How do I know if my marketing site needs AI optimization?

If your target audience includes decision-makers who research solutions online, your site likely needs AI optimization. Growth-stage companies particularly benefit because their buyers increasingly rely on AI tools for research and comparison. Key indicators include: competitive markets where AI-generated recommendations influence purchases, complex service offerings that benefit from summarization, and technical content that needs better structure for AI interpretation. The question isn't whether to optimize, but how strategically to approach it.

What's the difference between adding AI features and strategic AI integration?

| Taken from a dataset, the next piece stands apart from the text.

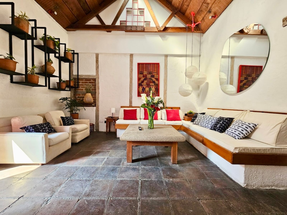 Vive la experiencia de hospedarte en el corazón de La Antigua Guatemala. A solo unas cuadras del parque, recorre estas mágicas calles a pie. Con muchos restaurantes, bares y atrcciones a solamente unos pasos pero lo suficiente como para mantenernos privados del ruido nocturno. Es un espacio acogedor diseñado para 2 personas, con todo lo necesario para estadías largas y cortas en un vecindario precioso y súper seguro. No contamos con parqueo privado y debes de subir unas gradas al llegar.

Adding AI features typically means implementing tools like chatbots or summary buttons without considering broader implications. Strategic AI integration involves thinking through how AI systems should interpret your brand, which content deserves priority in AI responses, and how these enhancements serve your growth objectives. It's the difference between tactical implementation and consultative strategy. The most successful approaches combine technical execution with deep thinking about brand positioning and competitive advantage.

How much does implementing these AI enhancements typically cost?

Investment varies significantly based on strategic approach and implementation complexity. Basic technical implementation might range from a few thousand dollars, while comprehensive AI readiness involving content strategy, architecture optimization, and ongoing refinement represents a larger investment. The key consideration isn't cost but strategic value. Companies that view these enhancements as part of broader digital transformation typically see better returns than those treating them as isolated features.

Will these changes impact my current SEO performance?

When implemented strategically, AI enhancements typically improve SEO performance rather than harm it. Schema markup has long been an SEO best practice, while structured content and clear information architecture benefit both search engines and AI systems. However, changes should be implemented thoughtfully with proper testing and monitoring. The most successful implementations we've seen actually strengthen SEO while preparing sites for AI-mediated discovery.

How do I measure the success of AI optimization efforts?

Success metrics depend on your specific goals but typically include improved engagement on key pages, better performance in AI-generated search results, and enhanced user experience metrics. More sophisticated measurement involves tracking how your content appears in AI responses and monitoring changes in qualified traffic patterns. The key is establishing baseline measurements before implementation and focusing on metrics that align with your broader growth objectives rather than vanity metrics.